In 1984 Daniel Ortega negotiated a deal with Colombian drug kingpin Pablo Escobar whereby Escobar received refuge for several months in Nicaragua after he had ordered the killing of the Colombian Minister of Justice. At the same time, Escobar's drug trafficking operation received Ortega,s approval to land and load airplanes in Nicaragua as they sought to ship cocaine to the United States. In return, Ortega and the FSLN received large cash payments from Escobar. Interior Minister Tomas Borge and his subordinates went so far as to assist Escobar with the loading and unloading of drugs onto his airplanes in Nicaragua. The Drug Enforcement Agency (DEA) managed to place a hidden camera on one of Escobar's airplanes and obtained film of Escobar and Ministry of the Interior officials loading cocaine onto one of Escobar,s planes at Managua,s international airport. CBS news later broadcast the film and the entire story of Escobar-Ortega-FSLN collaboration is related in detail in a 2005 book by Astrid Legarda Martinez: El Verdadero Pablo: Sangre, Traicion y Muerte (Colombia, Ediciones Dipon).

FSLN leaders, including Humberto Ortega, admitted publicly that leaders of the Argentine leftist terrorist group "Los Montoneros" resided in Nicaragua and engaged in military activities with the FSLN for an extended period in 1979-1981. Humberto Ortega admitted that Fernando Vaca Narvaja, the leader of the group, resided in his house in Managua.

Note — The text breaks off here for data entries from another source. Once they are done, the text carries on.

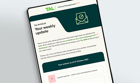 You can also get in touch with your Business Development Manager any time to share your thoughts and ask questions, or contact your TAL sales team or the Adviser Service Centre on 1300 286 937 (Monday to Friday 8am–7pm AEST).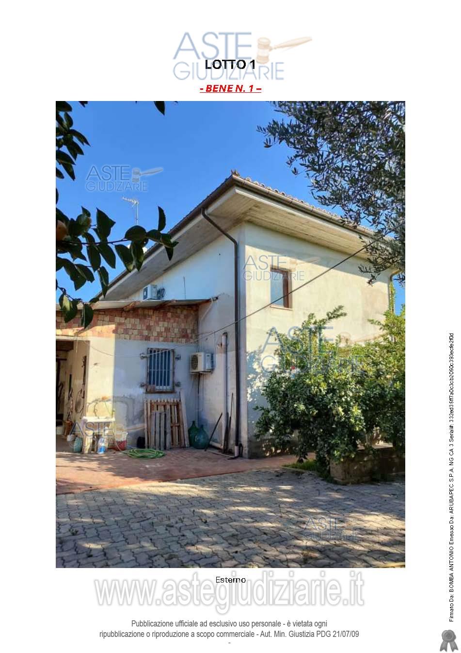 Vendita all'asta Senza incanto, con gara telematica asincrona - LOTTO 1: Fabbricato per civile abitazione disposto su due piani entrambi con portico esterno., garage, Terreno adibito ad area di corte esterna del fabbricato adibito a giardino, frutteto e spazi di manovra e Terreno ad uso agricolo, coltivato ad uliveto. Prezzo base € 90.611,00 (offerta minima € 67.958,25). Data inizio operazioni di vendita: 15/04/2026 ore 10:00. Giudice Chiara D'alfonso. Professionista delegato alla vendita Avv. Giorgio Di Giorgio - Email "avvdigiorgio@libero.it"; Cell. 3285678897. Custode Giudiziario Ivg - Email "ivglanciano@gmail.com"; Tel. 0872715361. Rif. Tribunale di Lanciano - Espropriazione immobiliare (cartabia) n. 10/2024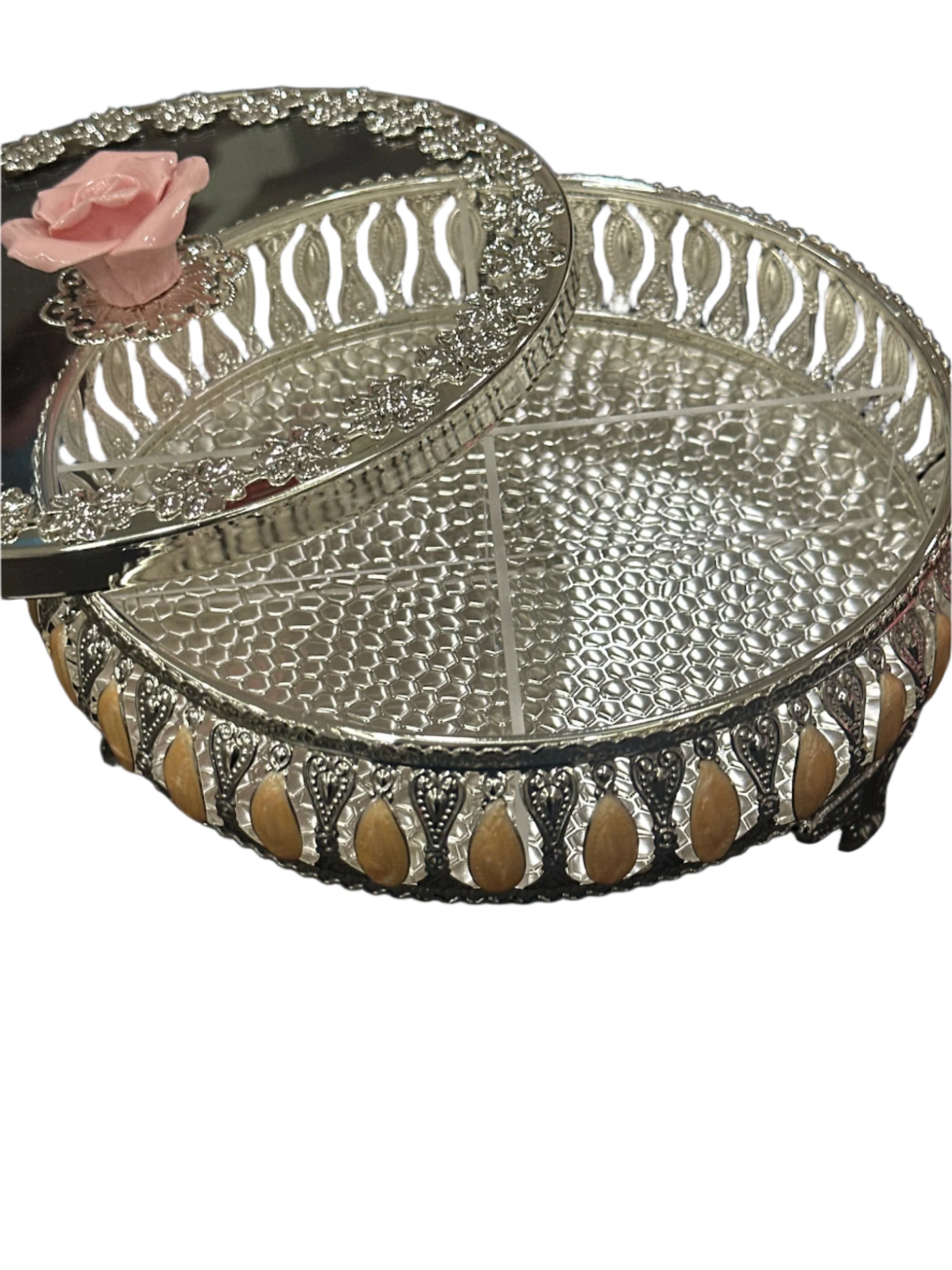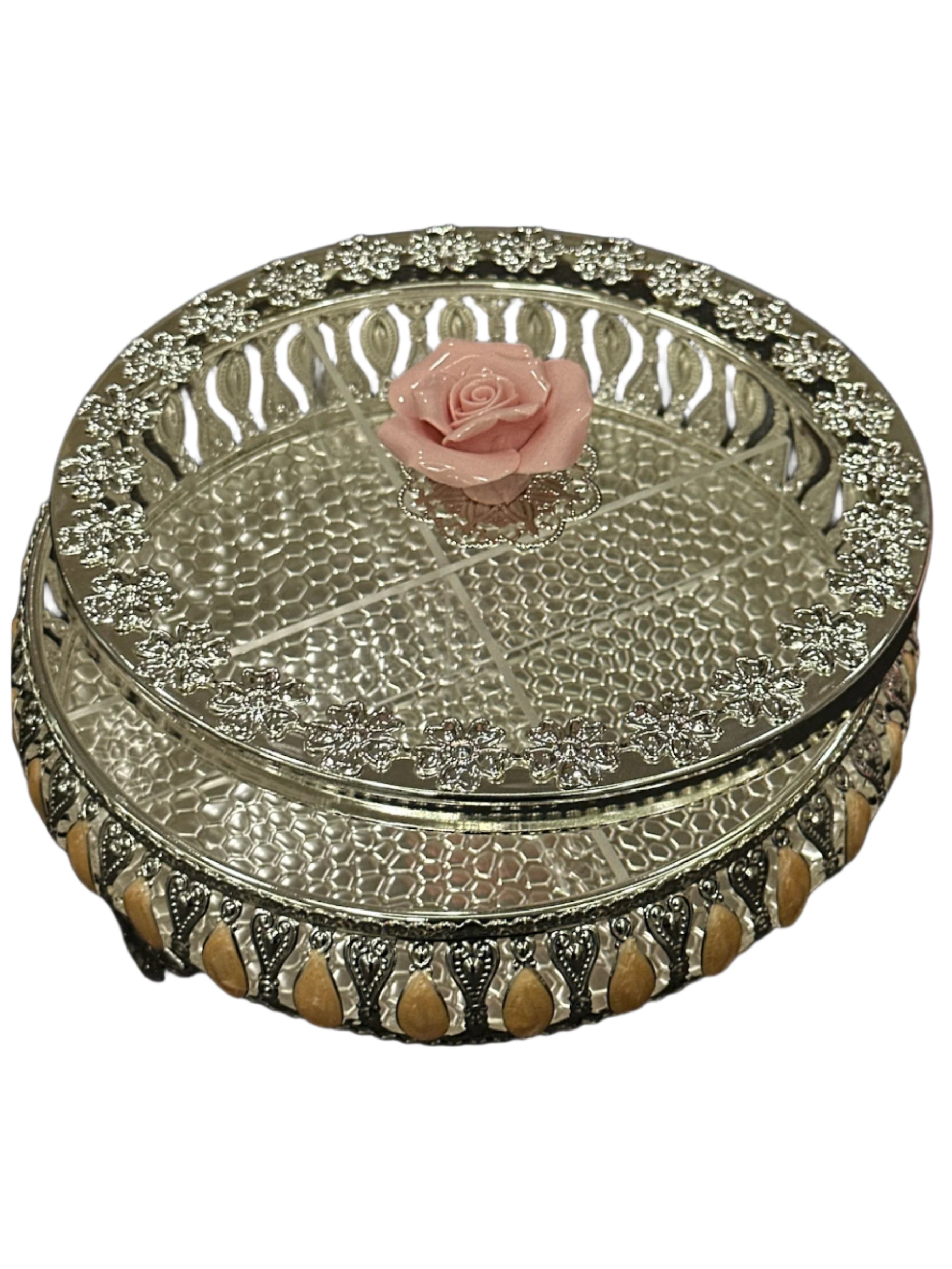 This Graceful Rose Silver Plated Four Partition Circular Box is a perfect blend of beauty and functionality, designed to showcase your treasures in a refined and sophisticated manner. The intricate silver-plated border, embellished with delicate floral motifs and detailed beading, surrounds the clear glass top that offers a view into the box's interior. At the center of the lid, a charming pink rose accent adds a subtle yet captivating touch of elegance, making this piece a perfect addition to any room or vanity.

Ortega publicly admitted many of his terrorist connections, including the fact that he received elections money from the government of Libya. Many 1980s terrorists still lived in Nicaragua and have acquired Nicaraguan citizenship (including at least one prominent member of the Italian Red Brigades), Ortega publicly associated with many of these individuals in Nicaragua throughout the 1980s. The Pablo Escobar footage was filmed June 24, 1984.

Senator John Kerry's 1988 U.S. Senate Committee on Foreign Relations report on links between the Contras and drug imports to the US concluded that "senior U.S. policy makers were not immune to the idea that drug money was a perfect solution to the Contras' funding problems." According to the National Security Archive, Oliver North had been in contact with Manuel Noriega, the US-backed president of Panama.